Utilizing panel data on flood damage and climate conditions at the municipal-level in Korea, this study employs an econometric method to quantify the causal effects of facility installations on flood damages. The major findings and conclusions of this analysis are summarized as follows. First, rainfall runoff storage facilities demonstrate substantial effectiveness in reducing flood damages. In the full sample analysis, total flood damages decreased by approximately 71.7%, with statistically significant reductions observed across various damage categories, including buildings, public facilities, agricultural lands, and livestock facilities. When the analysis was limited to urban municipalities excluding rural areas, the total flood damages declined by approximately 81.0%. These results clearly indicate that rainfall runoff storage facilities effectively achieve their intended objective of urban flood mitigation. Second, sewage retention facilities exhibit relatively limited flood mitigation effectiveness. Statistically significant damage reductions were observed only for building damages, while the effects on total damages, public facility damages, agricultural land damages, and livestock facility damages were statistically insignificant. The limited effectiveness may arise from the multifunctional nature of sewage retention facilities, which focus not only on flood mitigation but also water quality improvement and wastewater reuse. In addition, their generally smaller storage capacities relative to rainfall runoff storage facilities may constrain the ability to significantly mitigate damages during severe flood events. Third, climatic variables―annual total precipitation and maximum daily rainfall intensity―emerge as critical determinants of flood damages.
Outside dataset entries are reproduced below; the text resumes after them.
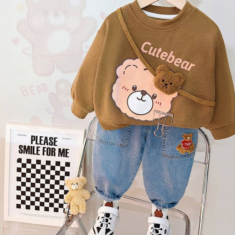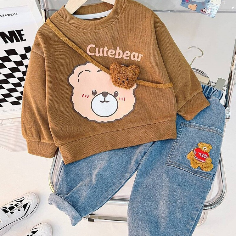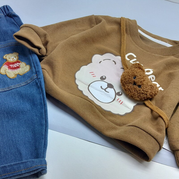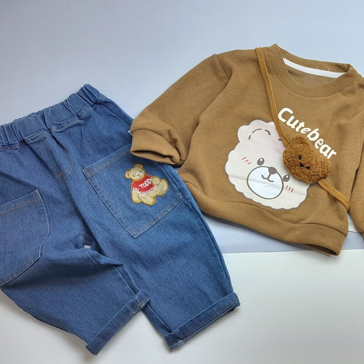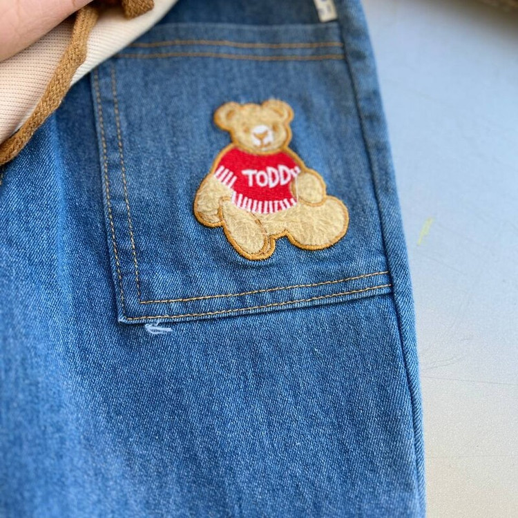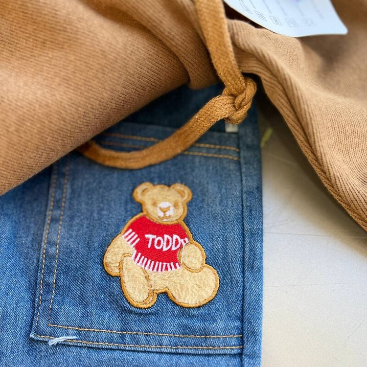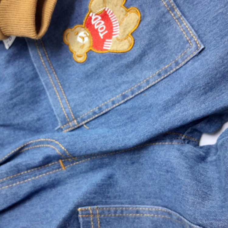 لباس بچگانه ست بلوز و شلوار کیف دار تدی وارداتی جنس درجه یک بلوز نخ کبریتی ریز و شلوار جین
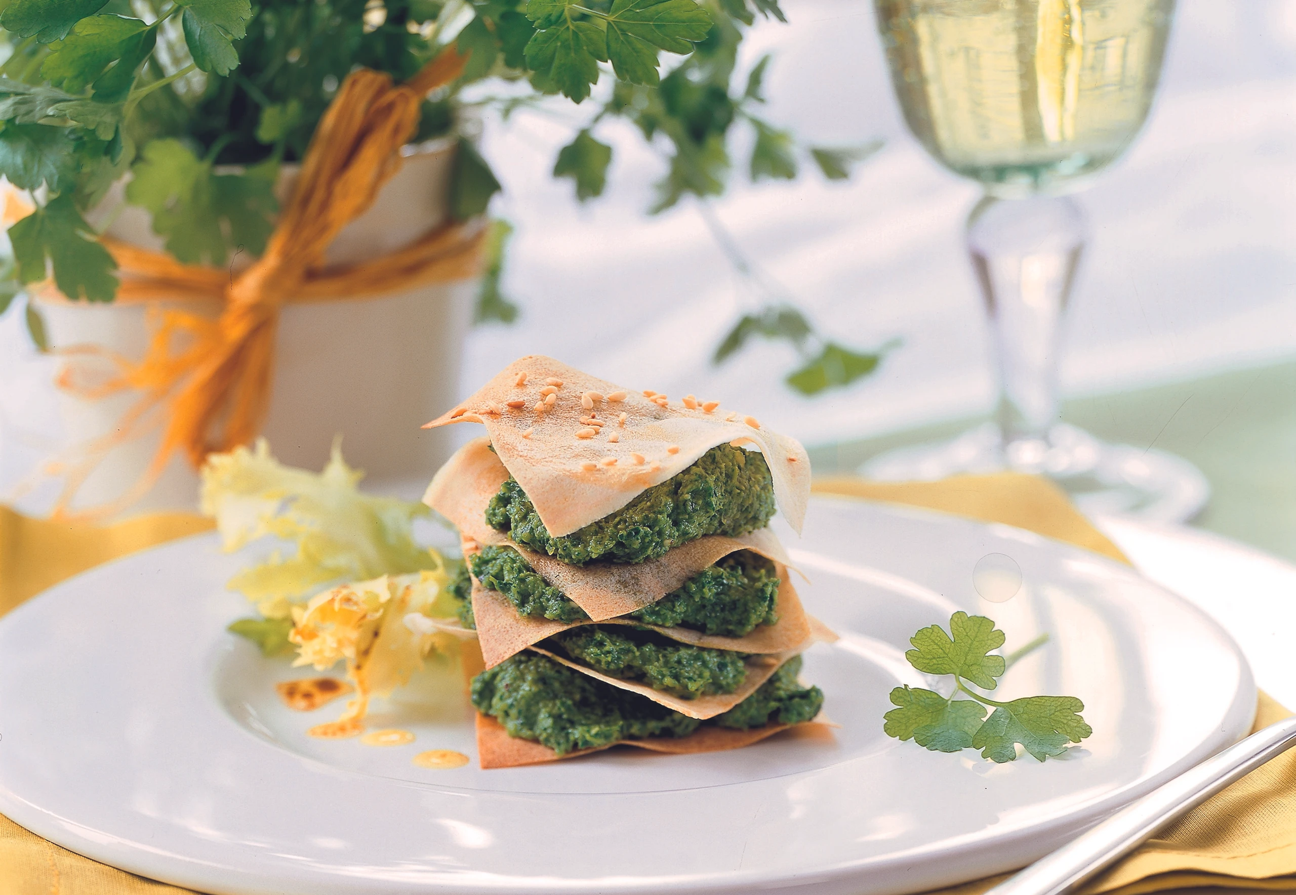Sechzehn Teigblätter mit Mus bestreichen, je 4 übereinander setzen, mit 4 Blättern abdecken. Salat marinieren und mit den Türmchen servieren.
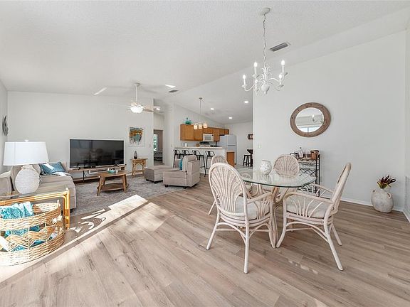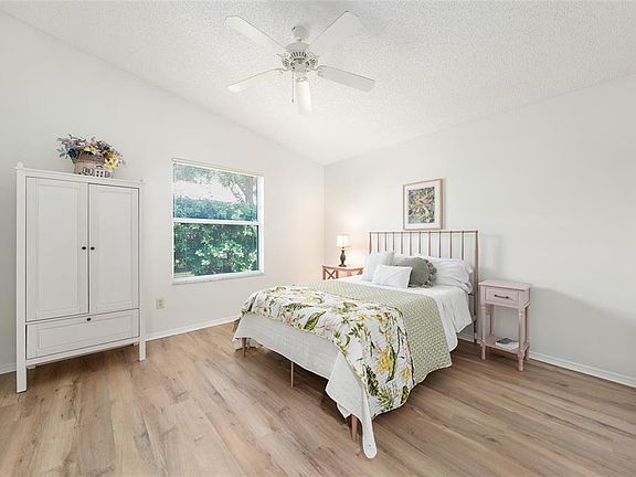 Welcome to this beautifully updated 2-bedroom, 2-bath Colony Courtyard Villa in the sought-after Village of Woodbury-BOND IS PAID! This charming home offers an inviting open layout with bright living and dining spaces, a well-appointed kitchen with breakfast bar, and a private screened lanai surrounded by refreshed landscaping (2024) — perfect for relaxing or entertaining. Turnkey property! Enjoy peace of mind with major updates already done: roof (2019), HVAC (2020), water heater (2021), new flooring (2020), dryer (2022), and dishwasher (2025). The spacious primary suite features a spacious walk-in closet and en-suite bath, while the guest room and second bath provide comfort for visitors. A one-car garage plus golf cart space add convenience. 2022 electric golf cart is negotiable. Located near golf, pools, shopping, dining, and recreation, this villa offers easy living in one of Florida’s most desirable active-adult communities. Move-in ready and beautifully maintained — come live the Villages lifestyle today!
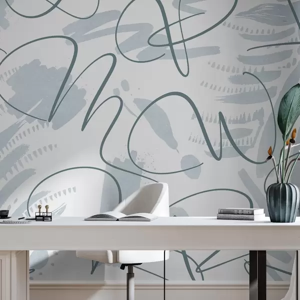 Fototapetai Kaligrafinė abstrakcija su raidėmis, teptuko potėpiais, mėlyna spalva Nr. w03913v1
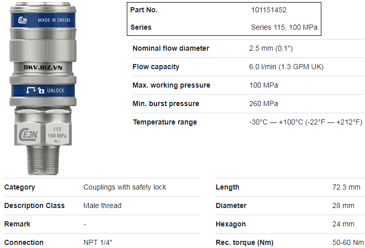 - Vật liệu chế tạo coupler thủy lực cao áp Cejn 101151452 là thép hợp kim phủ mạ đen, vòng đệm là NBR (cao su kháng dầu), cho phép đạt giới hạn nổ max: 260 MPa (2.600 bar).
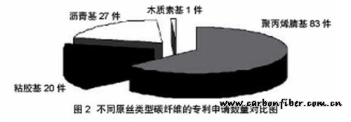 圖2 不同原絲類型碳纖維的專利申請(qǐng)數(shù)量對(duì)比圖
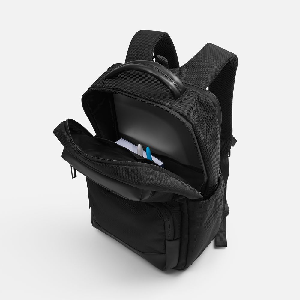 Специальное отделение на молнии с мягкими стенками надежно фиксирует ноутбук, защищая его от ударов и повреждений во время переноски. Основное отделение оснащено удобной панелью‑органайзером, позволяющей структурированно разместить документы и другие необходимые предметы.
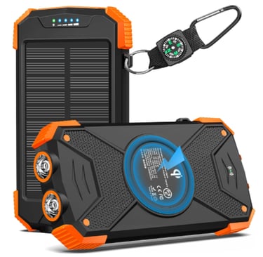 A reliable portable power bank designed for everyday use and emergencies alike. With 10,000mAh capacity, fast 20W charging, wireless charging support, and solar panel backup
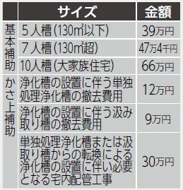 対象…公共下水道の事業認可区域や漁業集落排水事業区域を除いた地域で、住宅や店舗兼住宅に浄化槽を設置する人
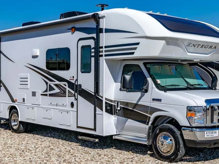Outdoor Flat-screen TVEnjoy the ride and the views as you travel to your next destination in this Luxury Entegra Coach Odyssey Class C Motorhome. This model offers a spacious layout with two slides for added roominess on the interior, plus a beautiful panoramic view out the front window. There are plenty of seating and sleeping options for seven people anytime you travel, and you will enjoy the complete kitchen and bath accommodations for fixing meals and keeping clean and refreshed. The walk-through bathroom inside of this coach is nice for every day living, and the outside shower will allow you to rinse off after a long day of hiking or sightseeing. The 16' electric awning also provides you with a great outdoor living space as you gather around the campfire each evening.When you are ready to hit the road, the Entegra Coach Odyssey motorhome will provide a safe, comfortable, and convenient way to travel. Each Odyssey features a one-piece seamless fiberglass front cap, rear back-up camera and monitor, and an interior command center. For your comfort and safety there are seat belts installed in each seating position, driver and passenger air bags, as well as power anti-lock brakes. You will certainly enjoy all of the storage options that the Odyssey has to offer, like the lighted pass-through storage compartment and under-the-bed storage. Whether your trip is planned or spur of the moment, the Odyssey will always make it an enjoyable one.
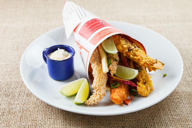 Serial Fisher: peixe frito empanado com três farinhas diferentes: Panco, farinha de milho e flocos de arroz, Acompanhado de batata doce frita. Preço: R$ 25,90.
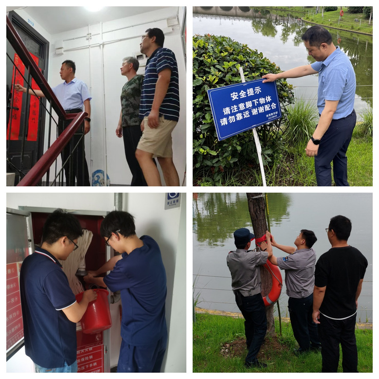 按照横向到边、纵向到底原则,学校保卫处对紫云路校区徽学楼、学生公寓、食堂以及金寨路校区学生公寓、家属楼等重点区域开展地毯式排查;易海湖畔,保卫处工作人员对水域附近的防溺水装置展开全面检查,重点查看救生圈、警示标识、防护栏等设施,仔细检查救生设备是否完好无损、警示标识是否清晰可见、防护栏是否存在松动破损等情况,及时监督到位、通知到位、整改到位,确保为师生生命安全保驾护航。
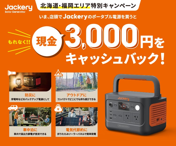 北海道・福岡県限定!Jackeryポータブル電源を400店舗以上の対象店舗で購入するともれなく現金3,000円キャッシュバックキャンペーンを開催!
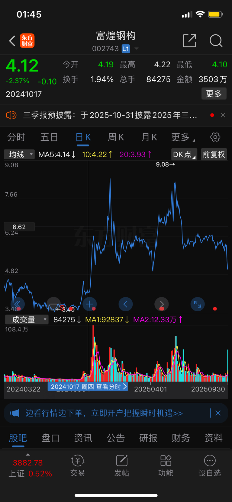 $富煌钢构(SZ002743)$ 跌到走漏风声抢跑的这个位置不是很正常吗,4块钱
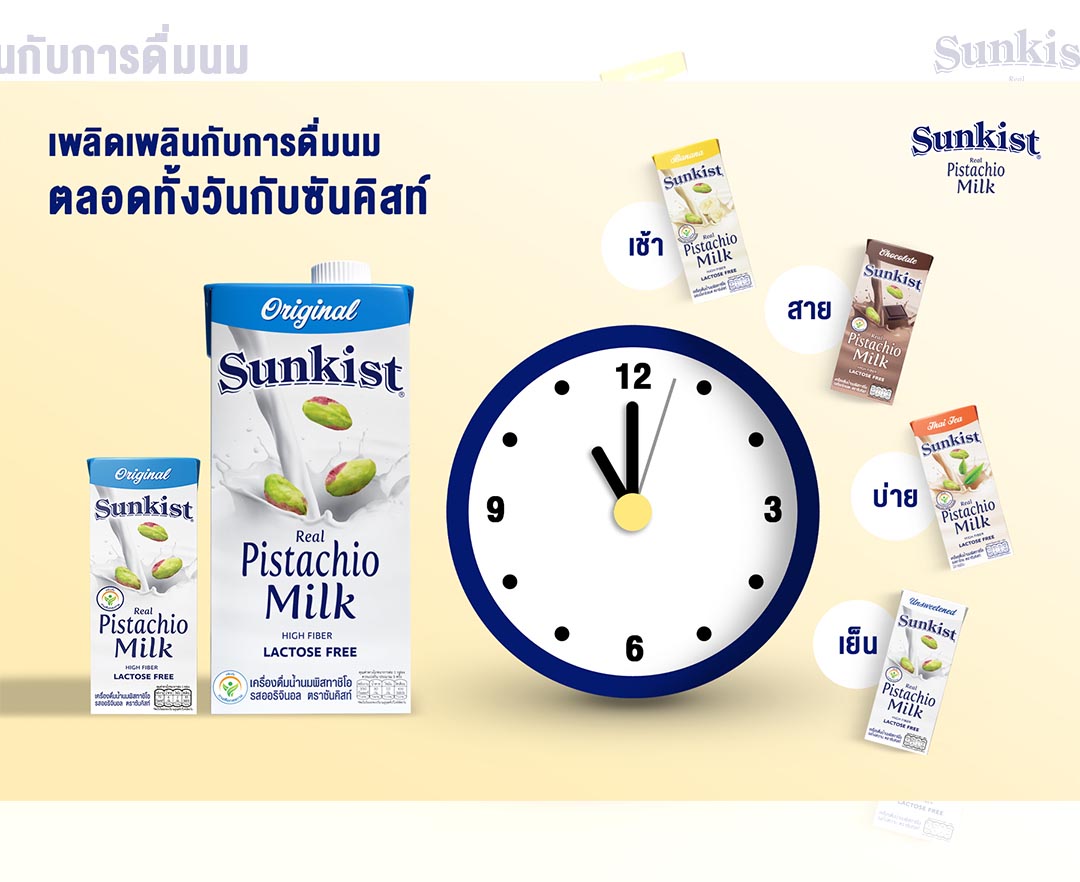 'ซันคิสท์'ชวนคนเพลิดเพลินกับการดื่มนม ดื่มทั้งวันสุขภาพดีนมพิสทาชิโอมี5รส

In particular, the maximum daily rainfall intensity exhibited substantial positive correlations across all damage categories, highlighting that short-duration, high-intensity rainfall events significantly exceed drainage and sewer system capacities, thereby causing severe flooding. This finding suggests that future facility policies should focus not only on increasing storage capacities but also on enhancing drainage infrastructure to effectively cope with intensified rainfall patterns under climate change.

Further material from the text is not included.